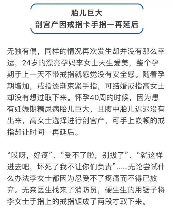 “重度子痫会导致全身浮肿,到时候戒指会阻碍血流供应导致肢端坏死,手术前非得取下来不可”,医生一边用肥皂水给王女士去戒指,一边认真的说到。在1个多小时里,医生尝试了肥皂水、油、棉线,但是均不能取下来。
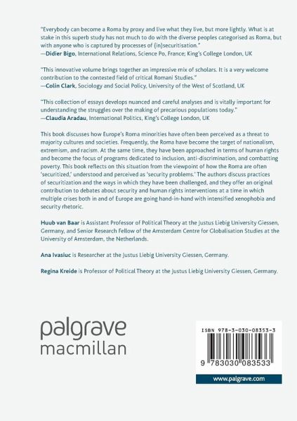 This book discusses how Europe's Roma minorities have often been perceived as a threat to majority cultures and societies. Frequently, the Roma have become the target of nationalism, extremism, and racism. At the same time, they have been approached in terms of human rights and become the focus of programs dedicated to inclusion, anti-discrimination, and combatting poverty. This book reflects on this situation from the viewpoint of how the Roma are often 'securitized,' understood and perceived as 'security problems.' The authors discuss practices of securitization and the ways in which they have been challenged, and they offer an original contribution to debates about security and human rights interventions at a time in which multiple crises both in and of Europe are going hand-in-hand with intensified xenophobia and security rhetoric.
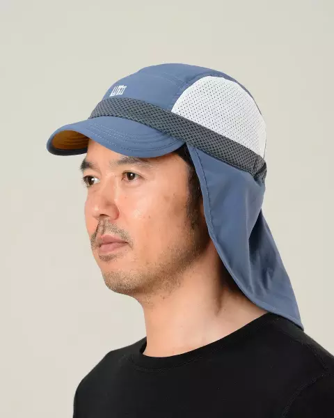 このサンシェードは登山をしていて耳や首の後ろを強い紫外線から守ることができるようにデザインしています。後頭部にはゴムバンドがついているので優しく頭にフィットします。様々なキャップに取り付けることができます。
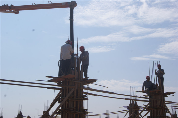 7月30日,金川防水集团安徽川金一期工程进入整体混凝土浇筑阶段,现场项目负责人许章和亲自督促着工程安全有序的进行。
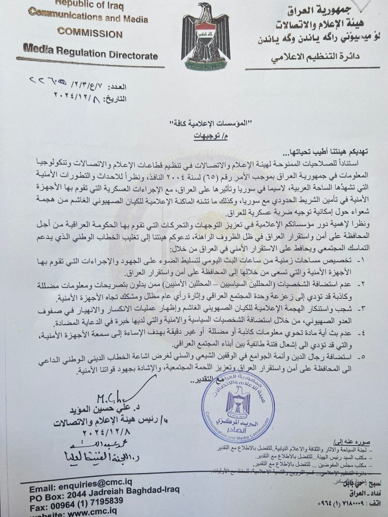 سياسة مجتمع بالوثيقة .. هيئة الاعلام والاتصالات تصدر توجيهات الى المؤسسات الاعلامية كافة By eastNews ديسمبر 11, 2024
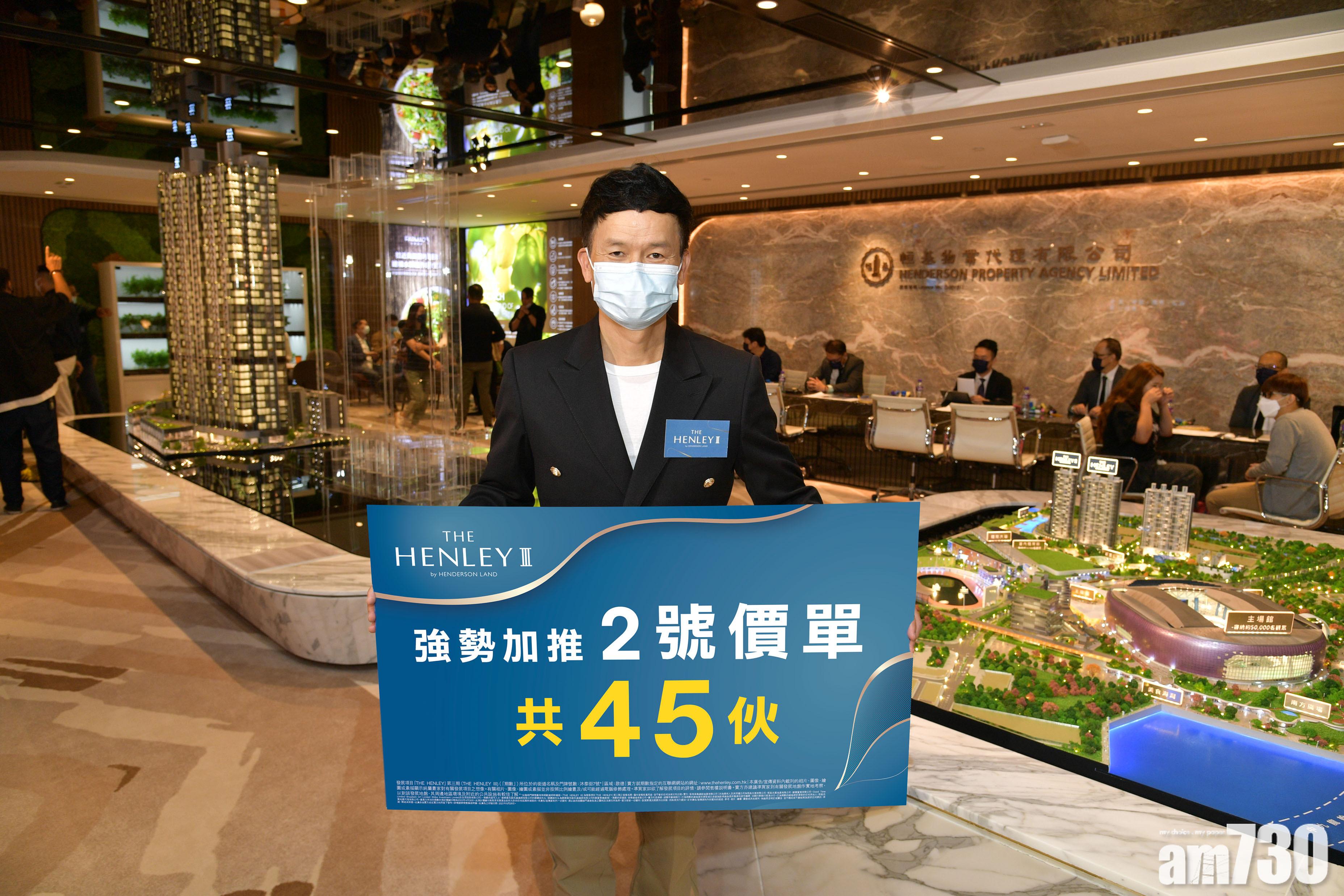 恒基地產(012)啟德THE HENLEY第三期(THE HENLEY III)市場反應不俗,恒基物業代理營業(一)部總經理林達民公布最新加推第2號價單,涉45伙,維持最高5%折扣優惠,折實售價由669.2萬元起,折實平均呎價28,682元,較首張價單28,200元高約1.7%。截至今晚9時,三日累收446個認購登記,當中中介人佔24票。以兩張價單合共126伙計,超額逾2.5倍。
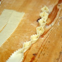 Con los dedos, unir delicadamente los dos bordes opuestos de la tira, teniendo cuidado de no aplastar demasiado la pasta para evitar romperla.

_____

• EXERCISE DETAILS
Take the records from their first line through the line containing "سياسة مجتمع بالوثيقة" and please return exactly those lines, both ends included, minus the pictures.

• EXERCISE ANSWER
 “重度子痫会导致全身浮肿,到时候戒指会阻碍血流供应导致肢端坏死,手术前非得取下来不可”,医生一边用肥皂水给王女士去戒指,一边认真的说到。在1个多小时里,医生尝试了肥皂水、油、棉线,但是均不能取下来。
 This book discusses how Europe's Roma minorities have often been perceived as a threat to majority cultures and societies. Frequently, the Roma have become the target of nationalism, extremism, and racism. At the same time, they have been approached in terms of human rights and become the focus of programs dedicated to inclusion, anti-discrimination, and combatting poverty. This book reflects on this situation from the viewpoint of how the Roma are often 'securitized,' understood and perceived as 'security problems.' The authors discuss practices of securitization and the ways in which they have been challenged, and they offer an original contribution to debates about security and human rights interventions at a time in which multiple crises both in and of Europe are going hand-in-hand with intensified xenophobia and security rhetoric.
 このサンシェードは登山をしていて耳や首の後ろを強い紫外線から守ることができるようにデザインしています。後頭部にはゴムバンドがついているので優しく頭にフィットします。様々なキャップに取り付けることができます。
 7月30日,金川防水集团安徽川金一期工程进入整体混凝土浇筑阶段,现场项目负责人许章和亲自督促着工程安全有序的进行。
 سياسة مجتمع بالوثيقة .. هيئة الاعلام والاتصالات تصدر توجيهات الى المؤسسات الاعلامية كافة By eastNews ديسمبر 11, 2024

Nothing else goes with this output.